El nivel de agresión es impresionante. Basta una palabra para desatar la furia expresada en insultos, descalificaciones y hasta amenazas. ¿En qué momento convertimos a las redes sociales en una salida aceptable para tanto odio? Y a medida que se fomenta el anonimato y la creación de múltiples cuentas, el fenómeno se recrudece. Esto pasa incluso con medios más tradicionales, como los periódicos en sus versiones en línea (las versiones impresas por lo menos pasan por un proceso editorial que suprime lo peor, que probablemente también reciben). Es por esto por lo que hay diarios como El País, que suprimieron los comentarios anónimos en su portal: escondido tras una máscara es muy fácil que alguien no sienta responsabilidad por dar rienda a sus peores impulsos.

Si uno tiene cuenta en Twitter, verá que esto es de lo más común; no es necesario siquiera tratar un tema polémico, cosas tan inanes como la contratación de un nuevo jugador o que alguna artista se tiñó el cabello son suficientes para desatar la cascada de tuits ofensivos. Así que uno se la piensa dos veces antes de entrar a una discusión, so pena de ser atacado por cualquier cosa, desde un error de dedo (los auto correctores ortográficos a veces no son la solución), por tratar de mediar o incluso por señalar un error lógico en la argumentación. Claro que este tipo de personas, denominadas trolls, ha existido desde prácticamente el inicio de Internet; sin embargo, sus números eran menores y, por las dificultades que implicaba la creación de cuentas, eran más cuidadosos para no ser expulsados. Hoy nada de eso pasa: si por algún motivo alguien denuncia a otra persona por violar los términos del servicio y los administradores hacen algo al respecto, lo único que tiene que hacer el agresor es abrir una nueva cuenta, o 20, o mil (los famosos bots), para seguir incordiando a los demás.

A veces hay casos en los que el agresor es una persona que ha logrado una cierta relevancia, por lo que perder su cuenta sí tiene consecuencias: perder seguidores y por lo mismo, perder ingresos. Esto fue lo que le sucedió a Alex Jones, comentarista político (es un decir), creador del sitio Infowars, que usaba sus redes sociales para atacar a sus adversarios, difundir rumores (como que los niños asesinados en la escuela Sandy Hook eras actores), generar fake news, e impulsar el odio racial y la xenofobia. Finalmente, después de meses de solicitudes de usuarios en diversas redes, a Jones se le cancelaron sus cuentas de Facebook, Instagram, Twitter y YouTube, lo que ocasionó fuertes mermas a sus ingresos por ventas de espacio comercial.

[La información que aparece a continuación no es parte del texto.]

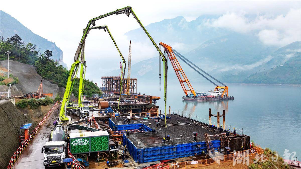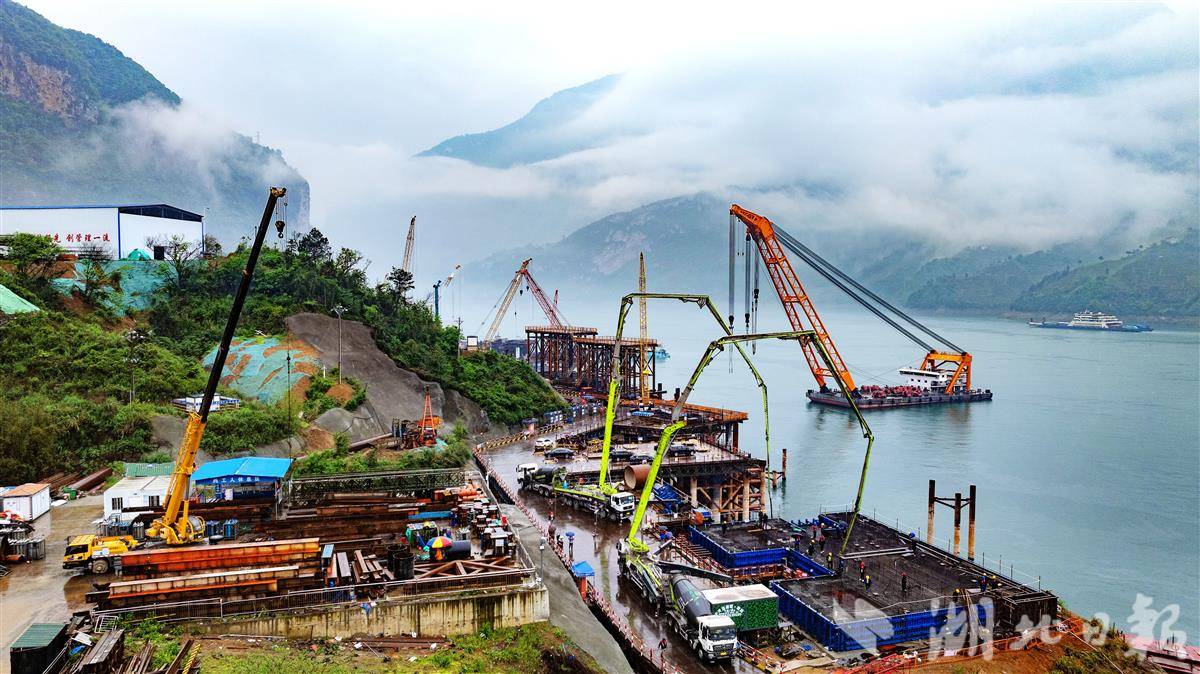 秭归县三峡枢纽江南成品油翻坝项目坝上码头工程施工现场,一派热火朝天的繁忙景象。
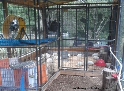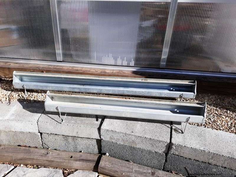 – AT the far end of the run, I place a hanging waterer and 3-foot trough with spinning reel that discourages perching (and the inevitable manure in the feed) are placed in the attached pen at 3rd week.
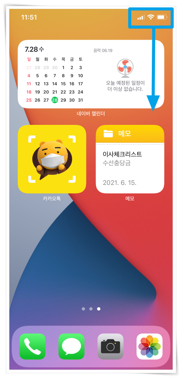 1. 가장 쉽게 볼 수 있는 방법은 우측 배터리, 와이파이 표시 부분을 손가락으로 끌어 내려 주세요.
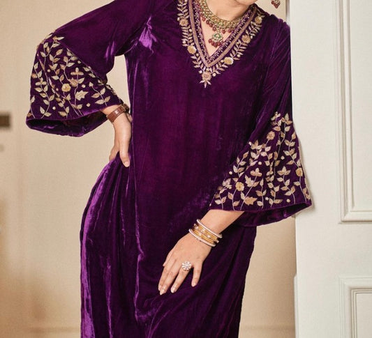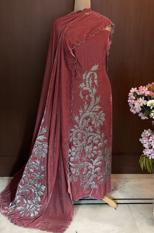 ATHARVA Applique Embroidery Salwar Kameeiz/Velvet Cut-Work Shirt & Dupatta/Velvet Bottom/Custom Stitch Unstitch/Plazo/Pant/VC8128
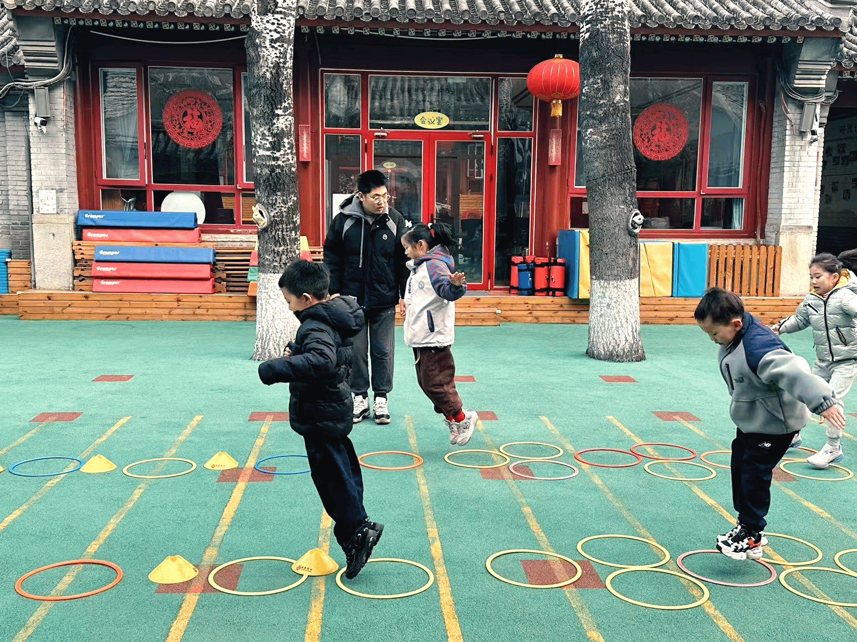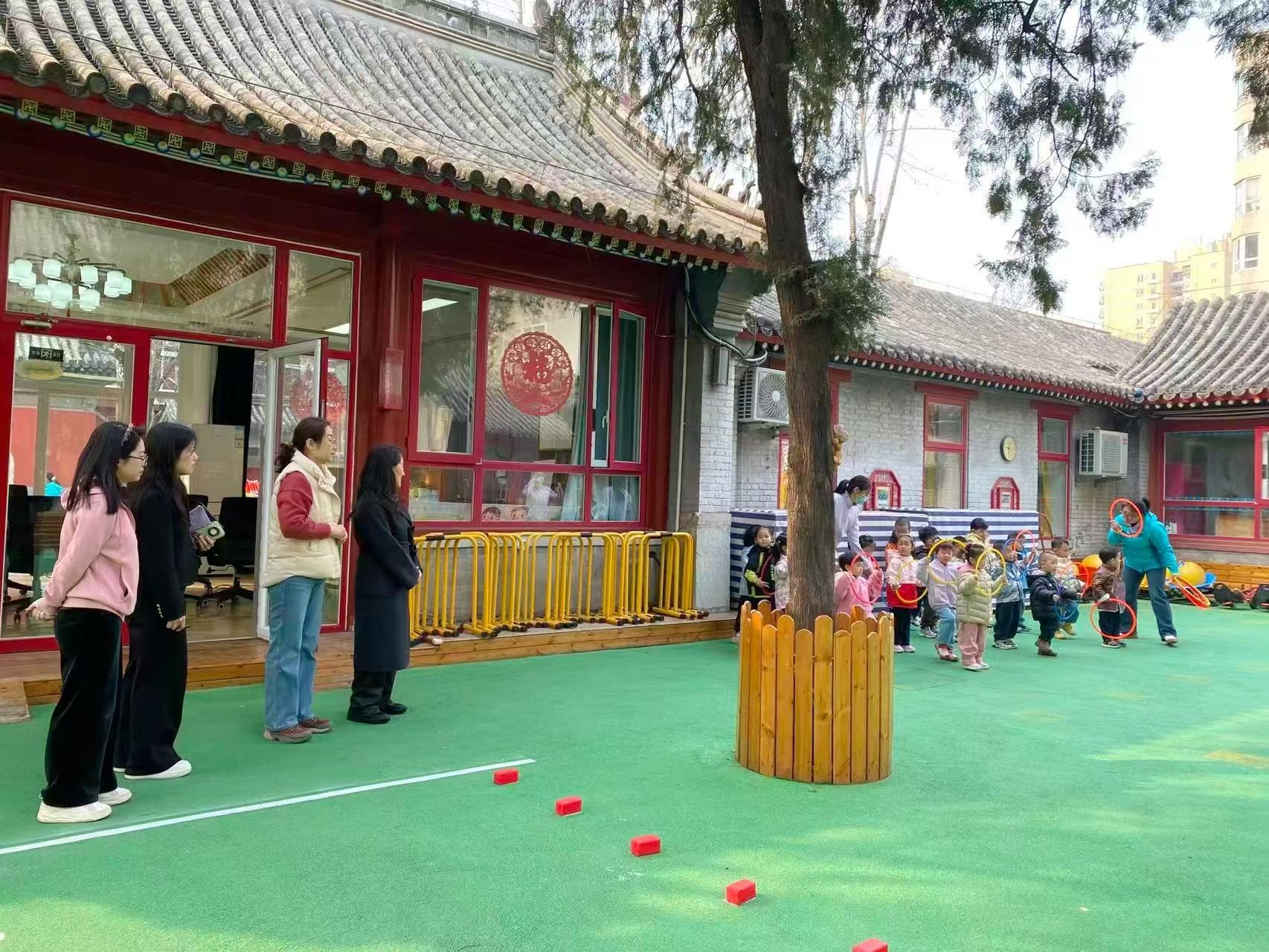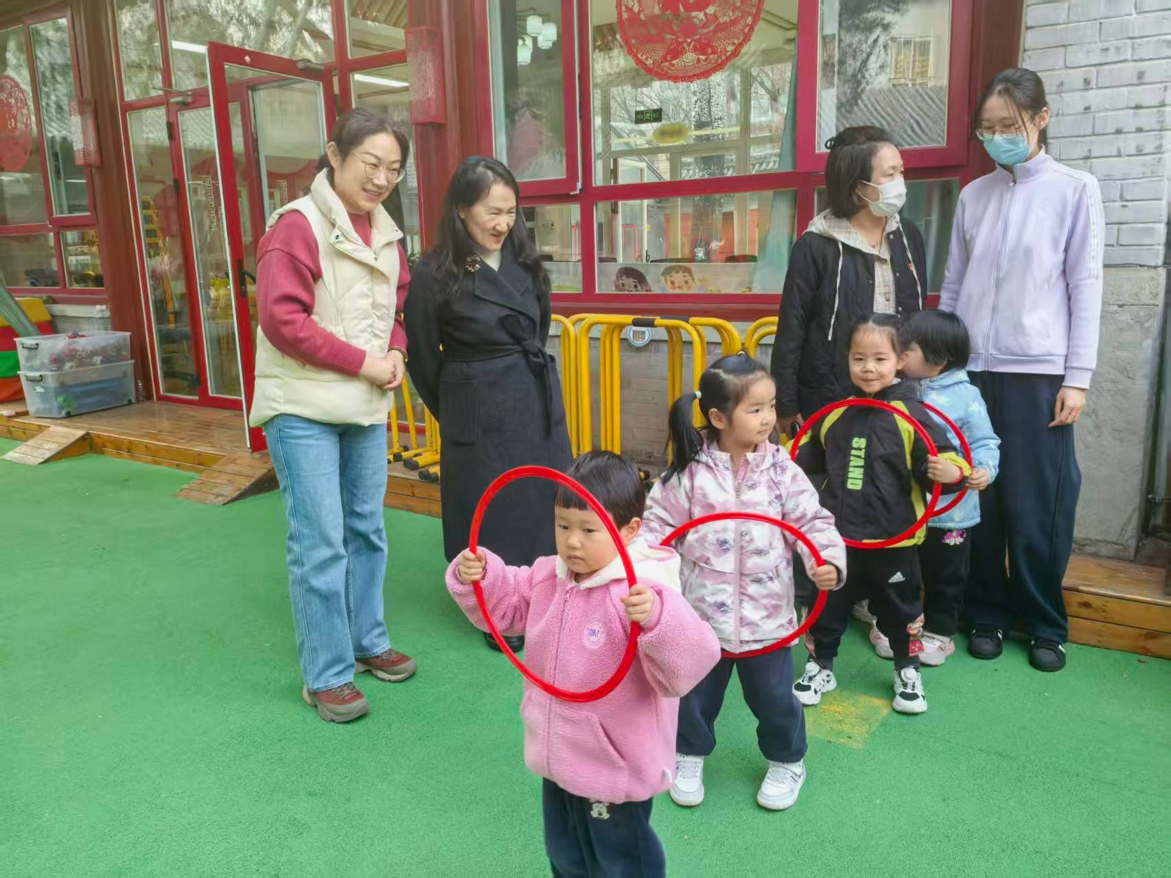 随后,大家一同来到户外活动场地,观摩孩子们的户外游戏。孩子们在钻爬、跳跃中尽显活力,这正是民大幼儿园深入贯彻落实习近平总书记关于“健康第一”教育理念的生动体现。我们通过“阳光体育”特色课程,让孩子在古老的庭院中释放活力,强健体魄,锤炼意志,将身心健康融入幼儿的一日生活,让“身上有汗、眼里有光”成为孩子们成长中最生动的模样。

Todo lo anterior viene a cuento por un hecho en particular ocurrido esta semana en Guadalajara: una universidad privada canceló y luego autorizó un diálogo informativo sobre el aborto. No es la intención en este momento opinar sobre el aborto o sobre el derecho que le asiste a la universidad de albergar este tipo de eventos. Lo que quiero es mostrar el nivel de abyección al que se puede llegar en redes sociales cuando algo no le parece a alguien: simplemente el hecho de que un panel de mujeres hablara sobre el tema, fue suficiente para que otra persona modificara el logotipo de la institución, colocando la imagen de un feto sangrante en medio, como si la escuela se hubiera convertido súbitamente en una clínica clandestina en donde se practicaran abortos.

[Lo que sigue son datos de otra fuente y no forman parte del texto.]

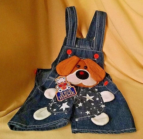 DENIM JUMPER CHILD OVERALLS SHORT PANTS PLUSH DOG RUSSIAN BRAND CENTURY STAR.
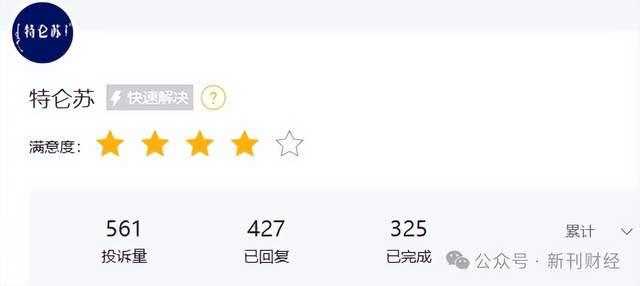 截至7月28日,黑猫投诉平台数据显示,特仑苏累计收到561条投诉,其中427条已获回复,325条完成处理,投诉完成率为57.93%。消费者投诉主要涉及产品开封后出现异味、结块等变质问题,以及因包装破损遭拒退货等情况。
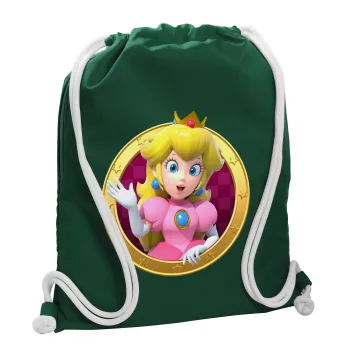 Princess Peach Toadstool, Backpack pouch GYMBAG BOTTLE GREEN, with pocket (40x48cm) & thick white cords
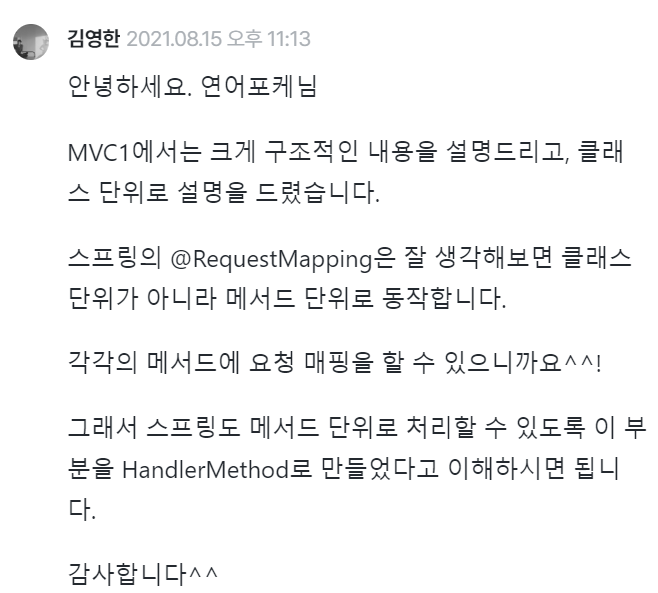 // @Controller, @RequestMapping을 사용해서 핸들러매핑을 RequestMappingHandlerMapping로 사용하게 되면 이 경우에는 핸들러 정보로 HandlerMethod가 넘어온다.
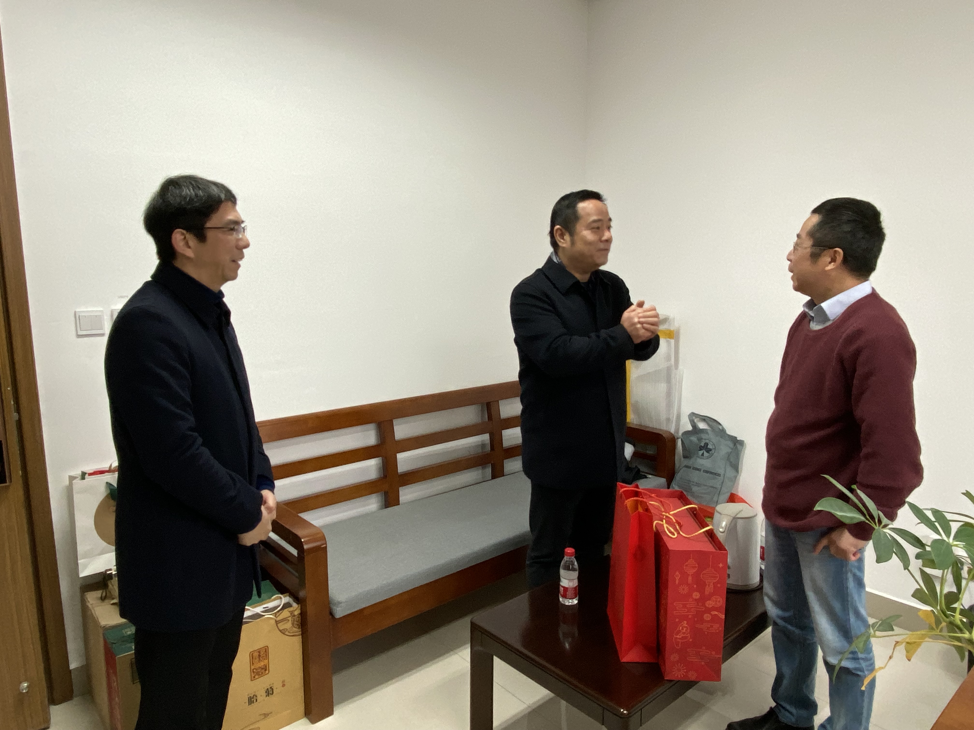 校党委副书记方亮带着新春祝福和礼品来到我院,看望慰问了寒假期间坚守工作岗位的高端人才,院党委书记张立明陪同。
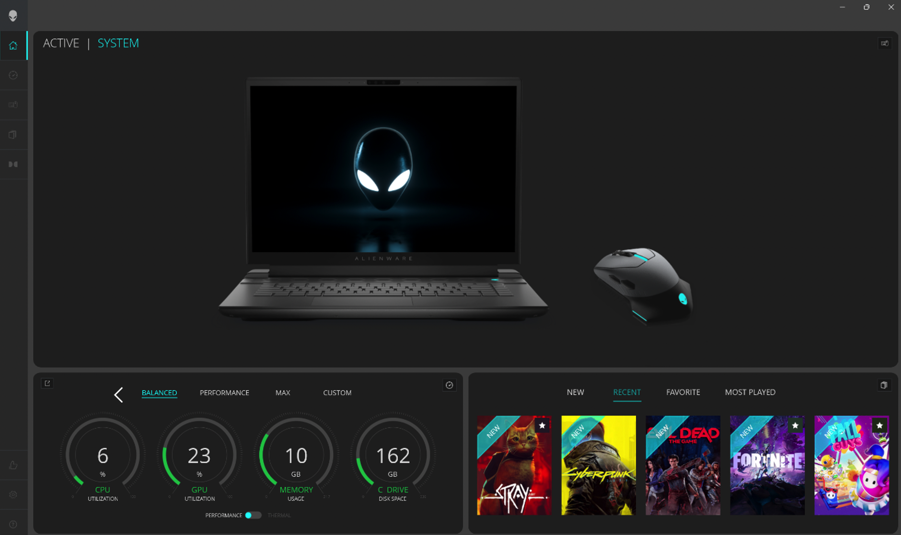 重新设计的AWCC外星人智动能技术平台不仅仅是软件更新和对先前版本的增强。它采用了一个全新架构,具有非常直观的、动态的UI面板设计,这不仅使AWCC外星人智动能技术平台更容易浏览和更新,而且使玩家体验更好的游戏过程。
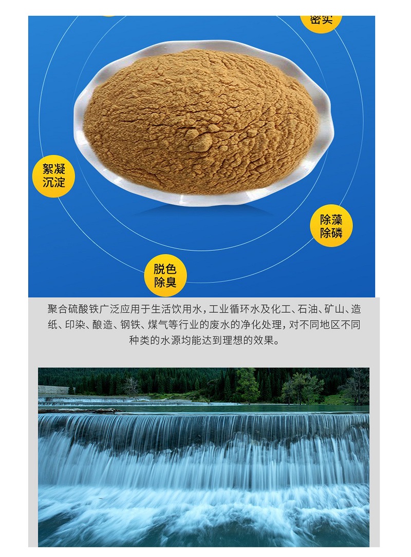 聚合硫酸鐵是一種粘稠的液體或固體,具有快速混溶、中和電荷、水解架橋、混凝沉淀和吸附作用,從而使水迅速沉清,尤其是對工業(yè)廢水和生活污水處理特殊有效。它完全可以代替堿或氯化鋁水處理劑,比堿式氯化鋁適應性大。用聚合硫酸鐵處理水質(zhì)時,耗藥量少,排污量少,處理效果好。生產(chǎn)聚合硫酸鐵原料易得,價格低廉,并可變廢為寶,是一種值得推廣的理想水處理劑。

Las posiciones se radicalizaron inmediatamente y ambos bandos se atacaron de una manera viciosa, curiosamente acusando al de enfrente de “intolerante”. Es evidente que es un tema polémico, en una encuesta de Consulta Mitosfky los porcentajes a favor y en contra están cercanos a 50 por ciento. Es claro que la discusión sobre su despenalización no será fácil.

Sin embargo, no debiéramos perder la civilidad al discutir. Quizá se vuelva necesario dar clases de civismo en redes sociales.